Я полагал, что если прочитаю то, что он пишет, то смогу понять в нем многое, если не все, но добраться до его сочинения было крайне трудно — чтобы не сказать: невозможно. Он не любил, когда я находился рядом во время его писаний, и всегда отсылал меня куда-нибудь или что-то поручал делать. Если он сам уходил, а я оставался то он непременно брал написанное с собой. Такое его поведение сделало мое любопытство особенно сильным, но я так и не смог тогда удовлетворить его.

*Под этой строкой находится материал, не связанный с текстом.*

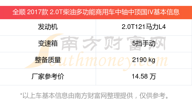 全順 2017款 2.0T柴油多功能商用車(chē)中軸中頂國(guó)IV動(dòng)力上配備的是一臺(tái)2.0T121馬力L4渦輪增壓發(fā)動(dòng)機(jī),匹配的是5擋手動(dòng)擋變速箱,燃料形式為柴油,常規(guī)整備質(zhì)量2190kg,廠家參考價(jià)14.58萬(wàn)元。
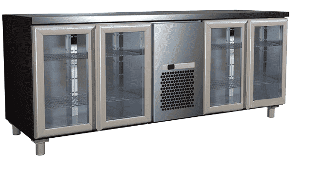 Стол холодильный Полюс T70 M4-1-G 9006 (4GNG/NT) имеет несколько основных назначений - охлаждение и хранение продуктов питания внутри охлаждаемых объемов, нарезка и приготовление гастрономических изысков и блюд на нержавеющей поверхности холодильного стола, а также можно устанавливать на его поверхность технологическое и барное оборудование. Корпус является цельнозаливным со столешницей из стали, толщина металла 50 мм, снабжен динамической системой охлаждения с LED подсветкой.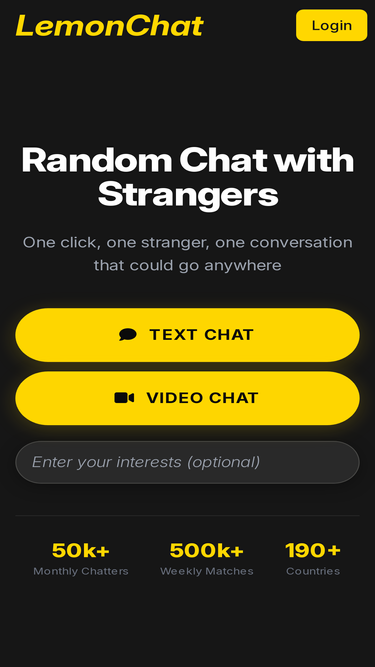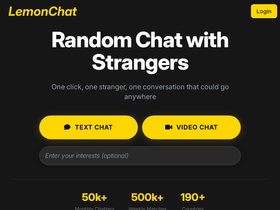 82%LemonChat – Best Random Chat Platform. Talk to strangers from all over the world through text or video. Safe and Anonymous. Omegle alternative.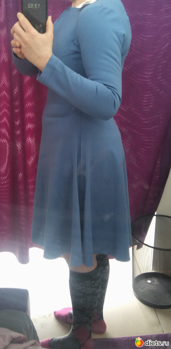 Первое платье. Его я отправила назад. Не мой цвет, не мой размер, не моя длина, вырез тоже не для меня. Вот как-то совсем не сложилось. Я заказывала таких два, разных цветов. Голубой и фуксия, второе даже мерить не стала.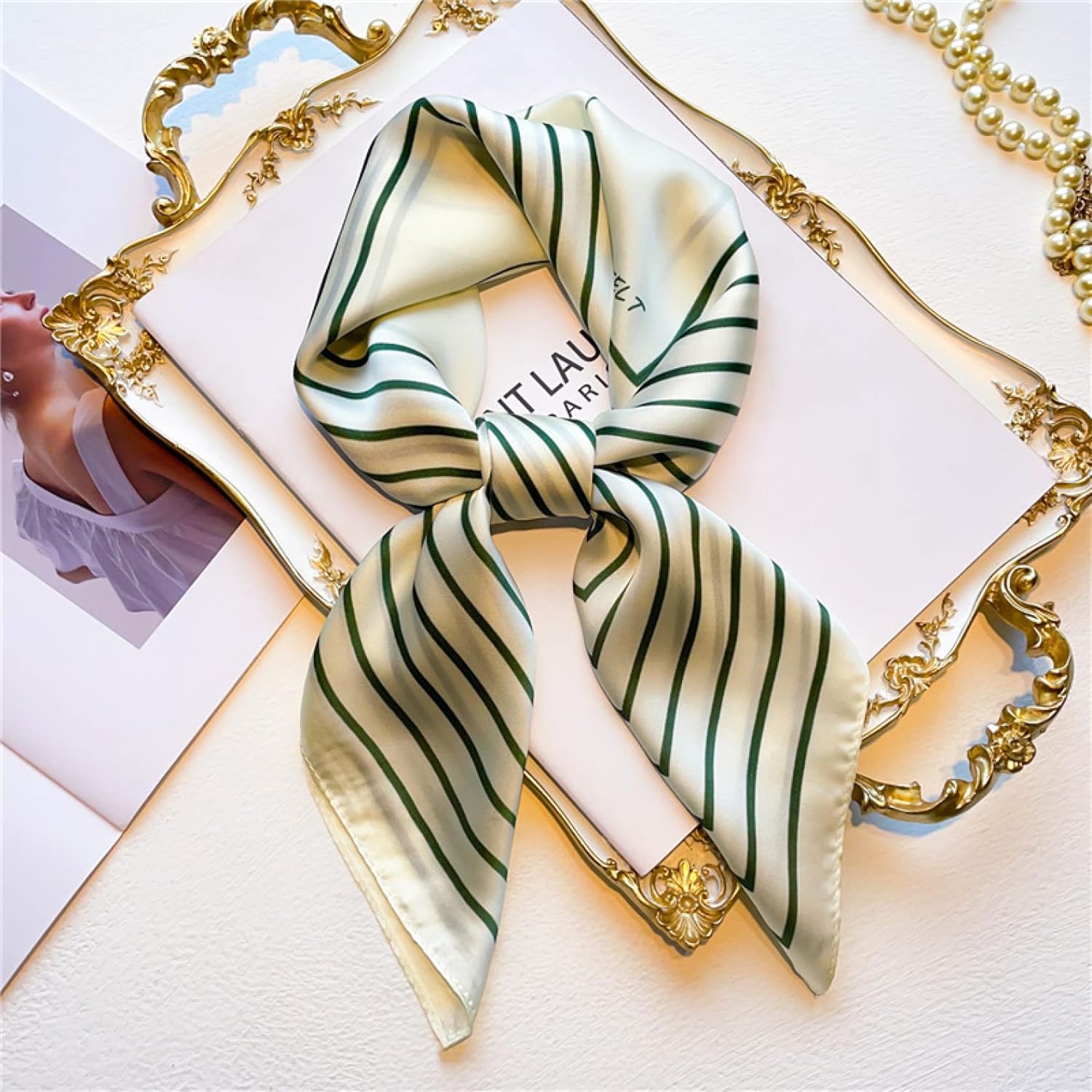 スカーフ シルク風 正方形 70cm 縞模様 シンプル 3色 手巻き仕上げ おしゃれ ヘアバンド 髪飾り ネッカチーフ バッグ用 小物 通勤 カジュアル UVカット ギフト レディーズ

Прошло еще время, мне минуло семнадцать лет. Я уже не был тем наивным мальчиком, который уехал неизвестно с кем и неизвестно куда Гай перестал быть для меня просто хозяином — я чувствовал в себе мужскую силу, а знания, которые я получил, читая литературные произведения, придавали мне уверенности в себе и порождали чувство собственного достоинства. Нет, я не перестал уважать Гая и подчинялся ему практически беспрекословно, но все же наши отношения стали другими. Он и сам уже не относился ко мне, как к мальчику, и в его приказаниях и наставлениях была та мера осторожности, которая указывала на то, что он учитывает и мой возраст, и мое ощущение самого себя.
Как-то он сказал мне:
— Послушай, Никифор, может быть, тебе лучше вернуться в родительский дом? Ты уже далеко не мальчик, скоро станешь настоящим мужчиной, ты достаточно хорошо образован и найдешь себе лучшее применение, чем без конца путешествовать со мной. Я вижу, что тебе скучно, что наша жизнь и я сам надоели тебе. Скажи прямо, не нужно стесняться. Я дам тебе денег, на первое время тебе вполне хватит, а там… Скажи, что ты думаешь об этом?

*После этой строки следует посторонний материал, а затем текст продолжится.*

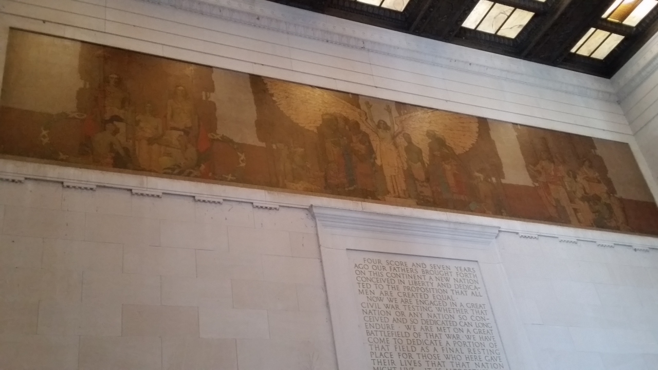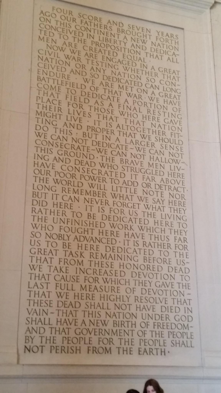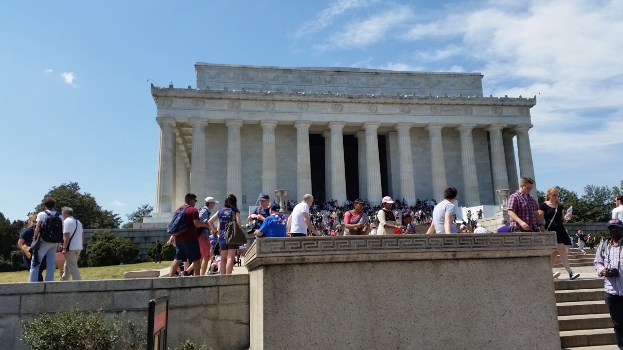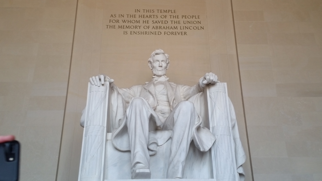 ツアーで訪問しました。見上げるとギリシア神殿を思わせるような白亜の神殿です。第16代大統領エイブラハム・リンカーンの偉業をたたえるために建立されました。視線は国会議事堂に向けられています。現代の国会議員の働きぶりを見ているかのようで、面白いです。つま先からの高さは5.8mで重さは175tあります。壁にはゲティスバーグの演説が彫られています。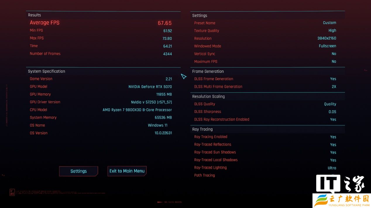 RTX 4070 在 4K 分辨率 + 极致画质 + 开启光追 + DLSS 抗锯齿下,游戏平均帧数为 66 帧,1% Low 帧 57 帧;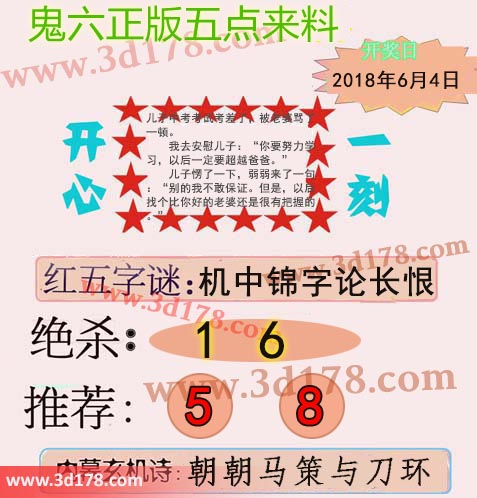 福彩3d第2018148期鬼六五点来料:3d鬼六五点来料详解第2018148期:红五字谜:机中锦字论长恨绝杀:1 6两胆码推荐:5 8内幕玄机诗:朝朝马策与刀环该鬼六图库由3d之家3d图库频道原创,仅供彩民参考,温馨提供。

Я ответил не сразу. Он угадал — я в самом деле часто думал о том, чтобы покинуть Гая и жить самому (признаюсь со стыдом, что о родительском доме и своих родных я не думал вовсе, будто их и не было никогда у меня). Мне в самом деле несколько наскучила такая жизнь, моя молодость требовала развлечений, любви и всего того, чем тешится несовершенная человеческая натура. Мне представлялось, что, когда я стану свободен от Гая, у меня начнется другая, замечательная и интересная жизнь.
Но так я думал, пока молчал Гай. Но лишь только он сказал о том, о чем я думал сам, как я испугался: как же я буду без него? Все-таки за эти годы нашего бесконечного путешествия я повидал довольно много, и жизнь людей вообще не представлялась мне легкой. Эта наша с Гаем жизнь, несмотря на постоянные переезды, была более или менее беззаботной: нам не нужно было думать о заработке, у нас всегда были деньги. Мы не знали, что такое изнуряющий каждодневный труд и думы о завтрашнем дне. Несмотря на свою молодость, я все это достаточно хорошо понимал.
Я испугался еще и того, что подумал: Гай не хочет, чтобы я был с ним. Возможно, для него я уже не очень удобный спутник и, расставшись со мной, он снова возьмет какого-нибудь маленького мальчика из бедной семьи.
— Ну, Никифор, что же ты молчишь? — повторил он. — Отвечай же.
— Ты хочешь прогнать меня, — проговорил я с настоящим, а не притворным чувством, опустив голову, — я тебе больше не нужен.
Я не видел его лица, но по чуть слышному звуку, который сорвался с его губ, понял, что он усмехнулся. Я хорошо знал Гая, и, когда уловил этот звук, у меня отлегло от сердца. Я не ошибся, и он сказал:
— Нет, Никифор, мне хорошо с тобой. Скажу больше, я к тебе привязался. Но мне казалось, что я наскучил тебе.
— Нет, нет! — вырвалось у меня. — Ты не можешь мне наскучить.
Он посмотрел на меня пристально. Я понимал, что он знает обо мне больше, чем я говорю; порой мне казалось, что его и вообще невозможно обмануть — его взгляд проникал в самое сердце.